En présence de madame la juge St-Louis

ENTRE :

MÉCANIQUE DE PERFORMANCE PANTHERA MOTORSPORTS INC.

demanderesse

et

Jaguar Land Rover Limited

défenderesse

JUGEMENT ET MOTIFS

I. Aperçu

[1] En novembre 2017, Mécanique de performance Panthera Motorsports Inc. [Panthera], la demanderesse, dépose la demande d’enregistrement No. 1,870,658 pour le logo PANTHERA ci-dessous [la Marque Panthera] :

Logo Panthera-No

[2] Le 27 novembre 2019, Jaguar Land Rover Limited [Jaguar], la défenderesse, dépose une déclaration d'opposition contre la demande d’enregistrement de Panthera. Jaguar fonde son opposition sur plusieurs motifs, notamment celui prévu à l’alinéa 12(1)d) de la Loi sur les marques de commerce, LRC 1985, c T-13 [Loi]. En lien avec ce motif, Jaguar soutient que la Marque Panthera n’est pas enregistrable parce qu'elle crée de la confusion avec des marques déposées de Jaguar, notamment avec les marques dites « Leaper » dont celles ci-dessous portant les numéros d’enregistrement TMA368,410 and TMA347,855 [Marques Jaguar LEAPER] :

[3] Le 28 mai 2021, avec l'autorisation du registraire, Panthera amende sa demande d’enregistrement pour proposer la nouvelle description des produits suivants :

(1) Moteurs de motocyclette et de véhicule hors route, leurs pièces et accessoires, à l’exclusion des moteurs de véhicule utilitaire sport, de camion léger et d’automobile, ainsi que leurs pièces et accessoires.
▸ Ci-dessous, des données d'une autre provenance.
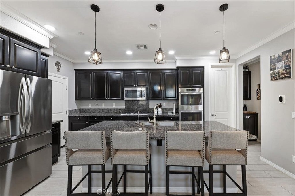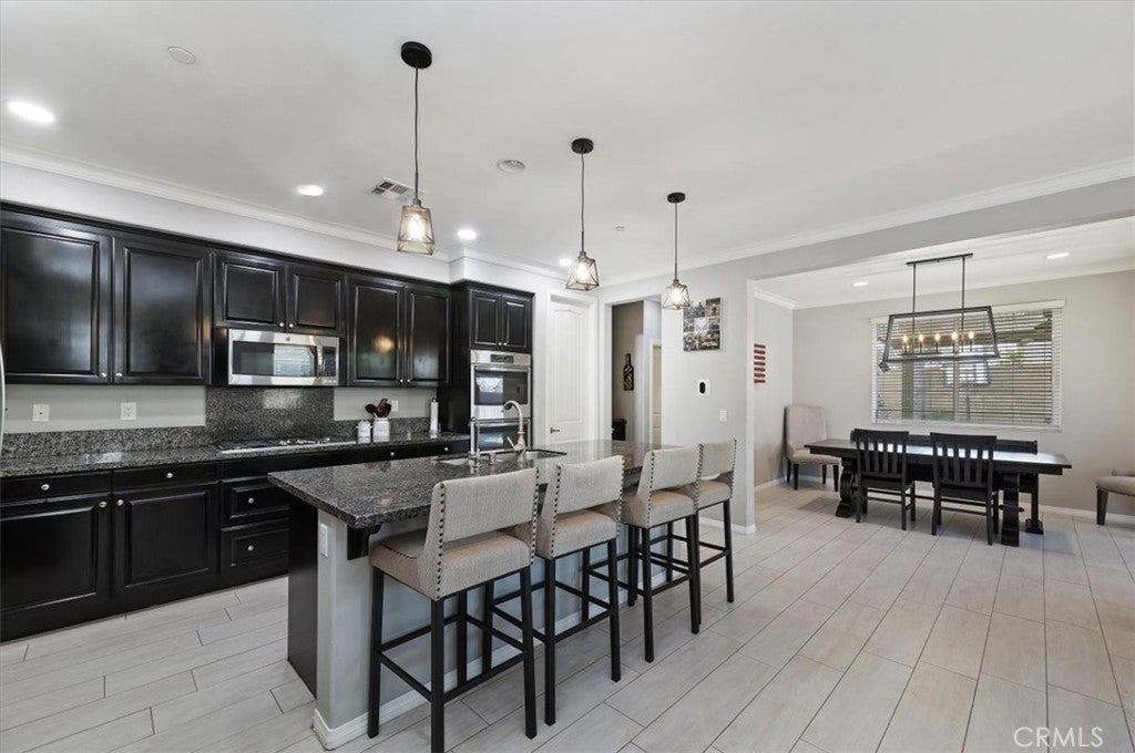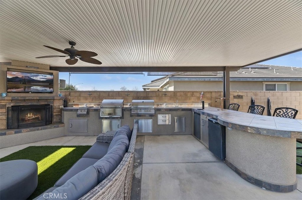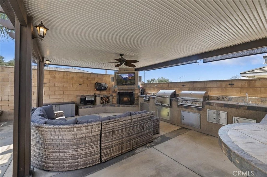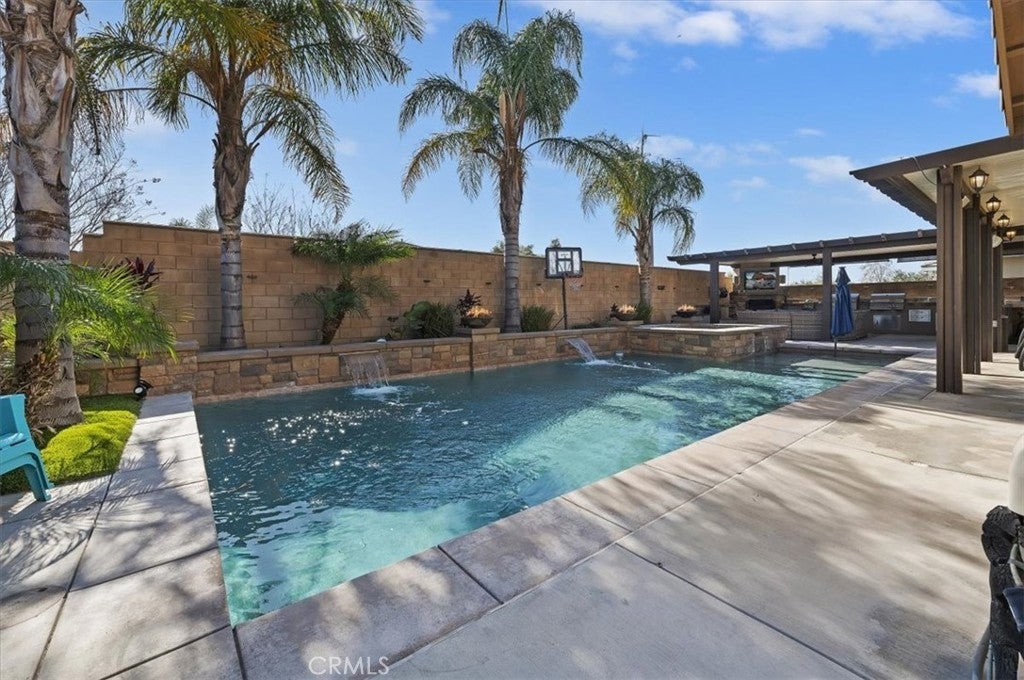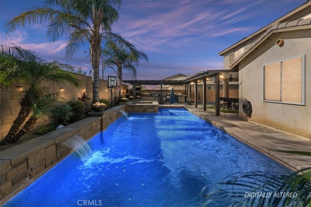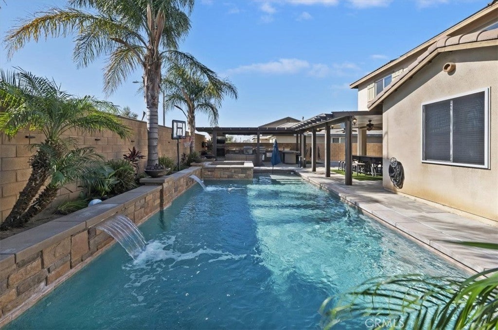 Hitting the market for the very first time! This well-maintained two-story home located in the Harvest Villages community of Jurupa Valley. If you’ve been searching for a home that truly checks all the boxes, your wait is over. This property offers exceptional space & flexibility, featuring 2 driveways with ample parking & dedicated RV access, ideal for parking an RV, camper, or boat & eliminating the need for off-site storage. Designed for year-round enjoyment, the backyard is an entertainer’s dream, showcasing a saltwater rectangular pool with sheer-descent waterfalls, beach entry, and an elevated spa. The outdoor space features a custom exterior fireplace with built-in wood storage, creating an inviting setting for evening gatherings. Fully equipped built-in barbecue area with multiple grills, an outdoor sink, refrigerator, & a tiled kitchen island with generous seating, all located under a covered Alumawood patio. A second covered Alumawood patio offers additional seating & outdoor entertaining space, making this backyard ideal for hosting. As you step inside, you’ll notice modern tile flooring throughout most of the first level, an office that can easily be converted into an additional bedroom, & a seamless open floor plan connecting the kitchen, family room, & dining area. The kitchen offers abundant cabinetry, stainless steel appliances, double ovens, a center island with seating & pendant lighting, a massive walk-in pantry, & a butler’s area, all overlooking the family room with a fireplace. The dining area is accented by a black farmhouse-style chandelier. A downstairs bedroom & full bathroom are conveniently located on the main level. The second level features a spacious loft, ideal for a media room or additional living area, along with a upstairs laundry room with extra storage and built-in shelving. Two generously sized secondary bedrooms share a full bathroom, providing comfortable accommodations. The primary suite serves as a private retreat, featuring a ceiling fan, dual sinks, a dedicated vanity area, a walk-in shower, and a soaking tub. The expansive walk-in closet is designed to easily accommodate a large wardrobe. Additional highlights include 33 solar panels owned by the seller, providing some energy savings. Everything is at your fingertips with a central location near MOST major freeways, Vernola Marketplace, and Eastvale Gateway for shopping and dining out. Don’t miss your chance to host poolside gatherings this year — act now!
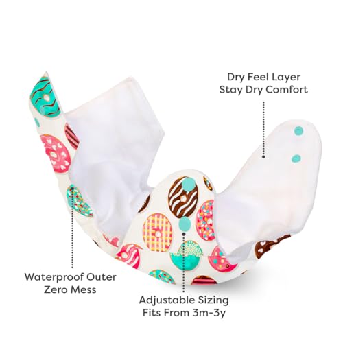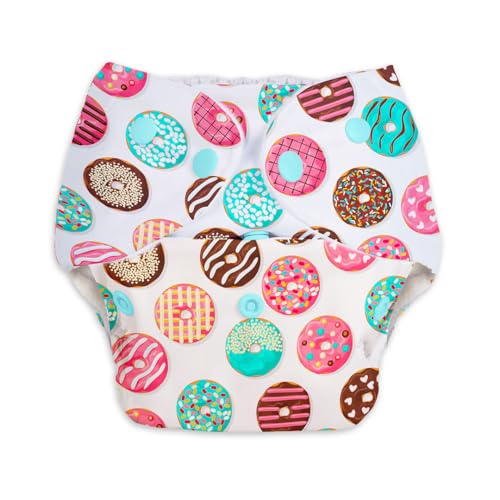 superbottoms Basic -1 Certified Soft Fleece Lined Pocket Diaper with 1 Cotton Terry Insert Non Stay Dry with Snaps-Free Size Cloth (Donut)
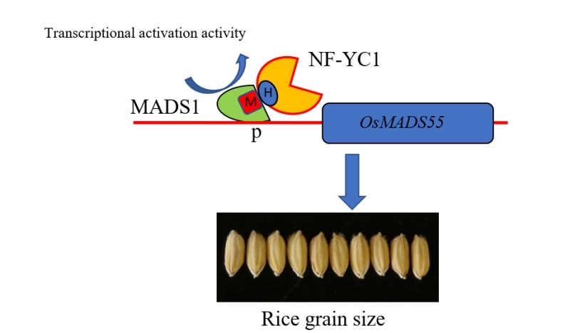 前期,《植物杂志》在线发表了题为《转录因子OsNF-YC1通过协同转录激活OsMADS1转录因子调控水稻籽粒大小》(Transcription factor OsNF-YC1 regulates grain size by coordinating the transcriptional activation of OsMADS1 in Oryza sativa L.)的研究论文,解析了OsNF-YC1-OsMADS1-OsMADS55通路在水稻粒宽发育中的分子调控机理(图3)。OsNF-YC1敲除突变体籽粒变窄、千粒重降低,但穗粒数增多,从而保持单株产量不变,这为利用生物育种手段协同改良水稻产量和品质提供了基因资源和育种策略。437ccm必赢国际官方网站为论文署名单位,硕士研究生崔志波、高级实验师王晓雯为共同第一作者,桑贤春教授为通讯作者。研究得到了国家自然科学基金、重庆市现代农业产业技术体系创新团队、重庆市自然科学基金创新群体和437ccm必赢国际官方网站青年团队专项基金的资助。
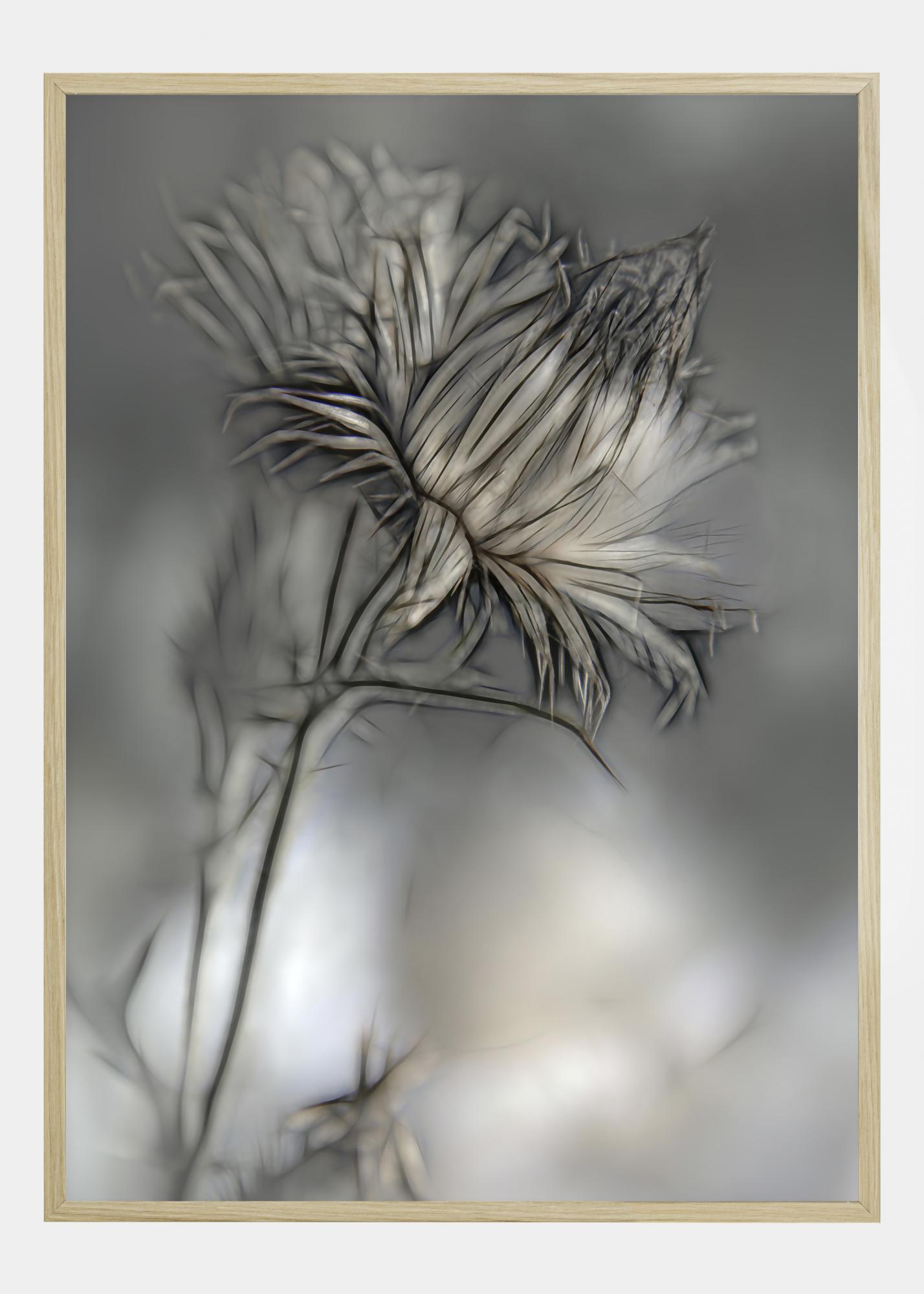 Zbliżenie plakatu z główką kwiatu. Miękkie niebieskie, szare i różowe kolory wypełniają obraz, gdy kwiat jest wyraźnie zarysowany na miękkim, rozmytym tle. Możesz niemal wyciągnąć rękę i zerwać kwiat z tego fantastycznego, miękkiego obrazu.
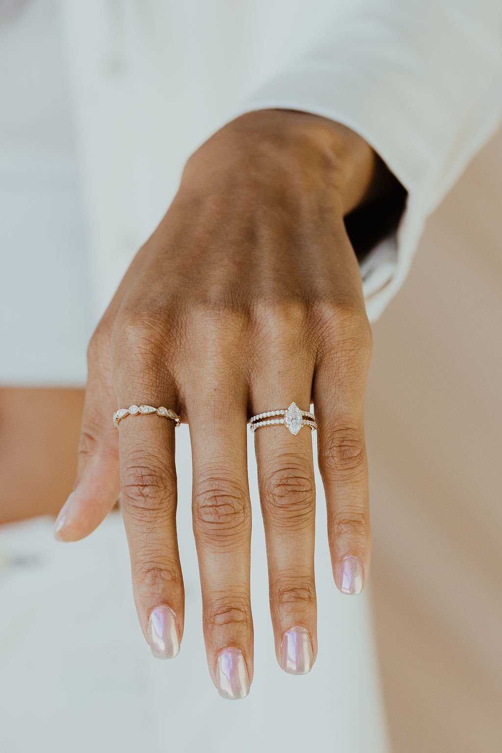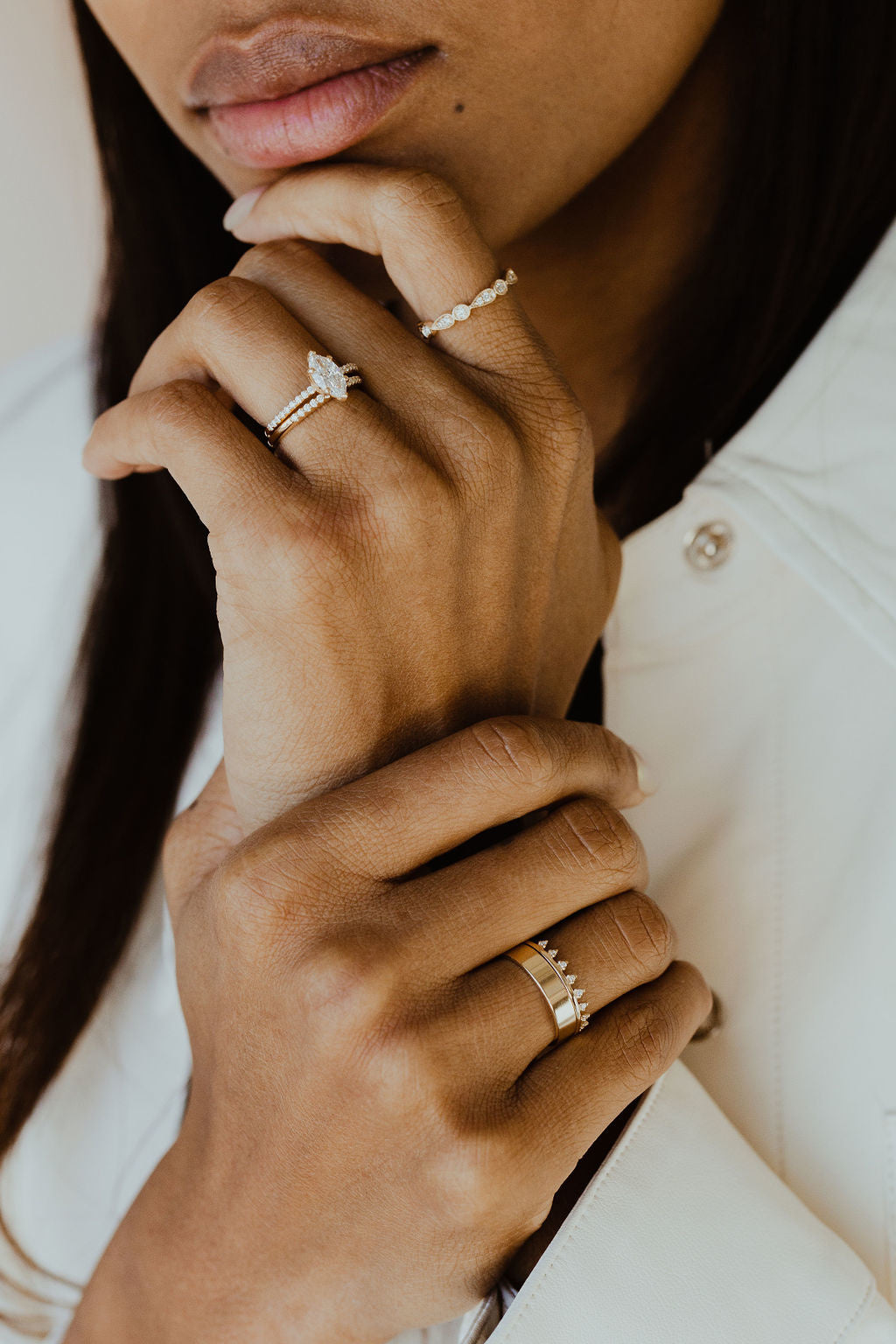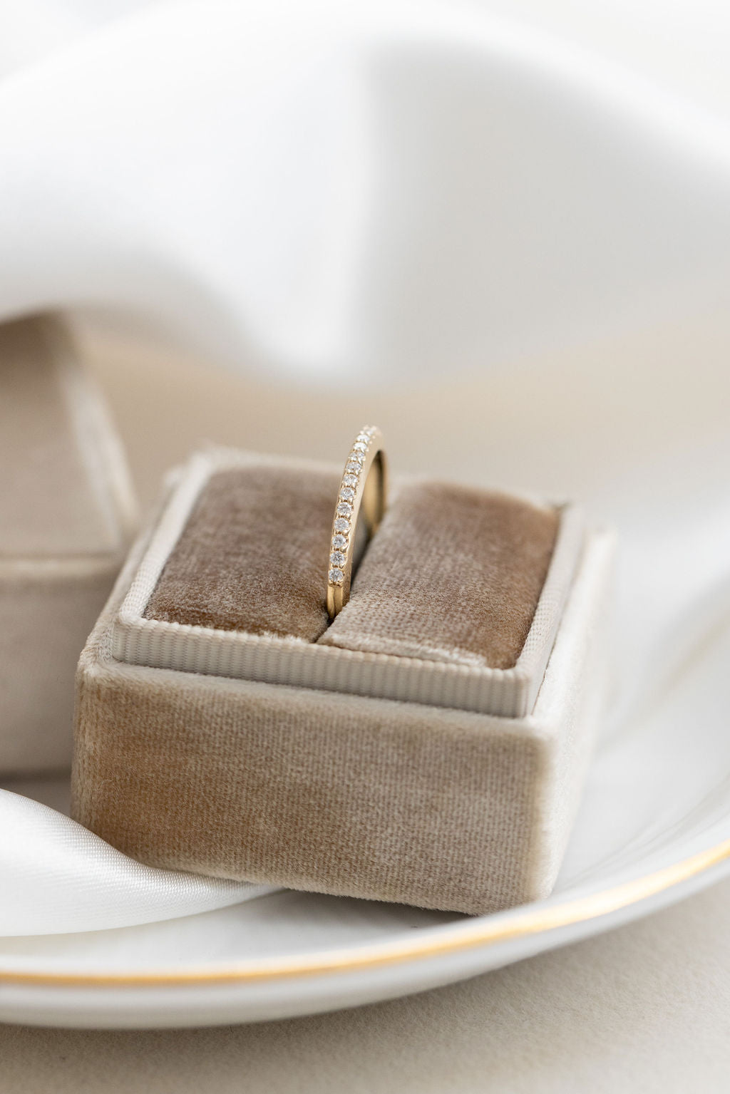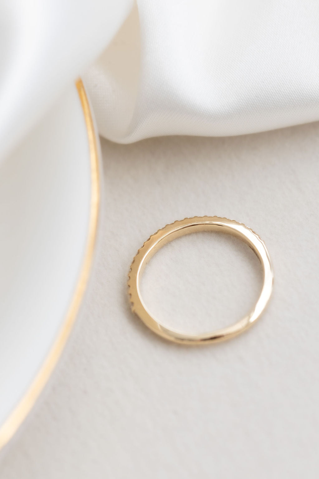 The Jenna Band features ~.17 cttw round diamonds set in prongs in a single-row style.

(2) Protecteurs faciaux pour casques de protection pour motocyclette et véhicule hors route 160 4, équipement de protection pour motocyclette et véhicule hors route, à savoir casques, équipements de protection pour les épaules et les coudes, à l’exclusion des protecteurs faciaux pour casque de protection et des équipements de protection pour véhicule utilitaire sport, camion léger et automobile.

(3) Moteurs de motocyclette et de véhicule hors route; moteurs pour véhicule terrestre, à l’exclusion des moteurs pour véhicule utilitaire sport, camion léger et automobile, ainsi que leurs pièces et accessoires; motocyclettes; véhicules à moteur hors route, à l’exclusion des véhicules utilitaires sport, des camions légers et des automobiles.

(4) Autocollants.

(5) Vêtements décontractés, casquettes de baseball.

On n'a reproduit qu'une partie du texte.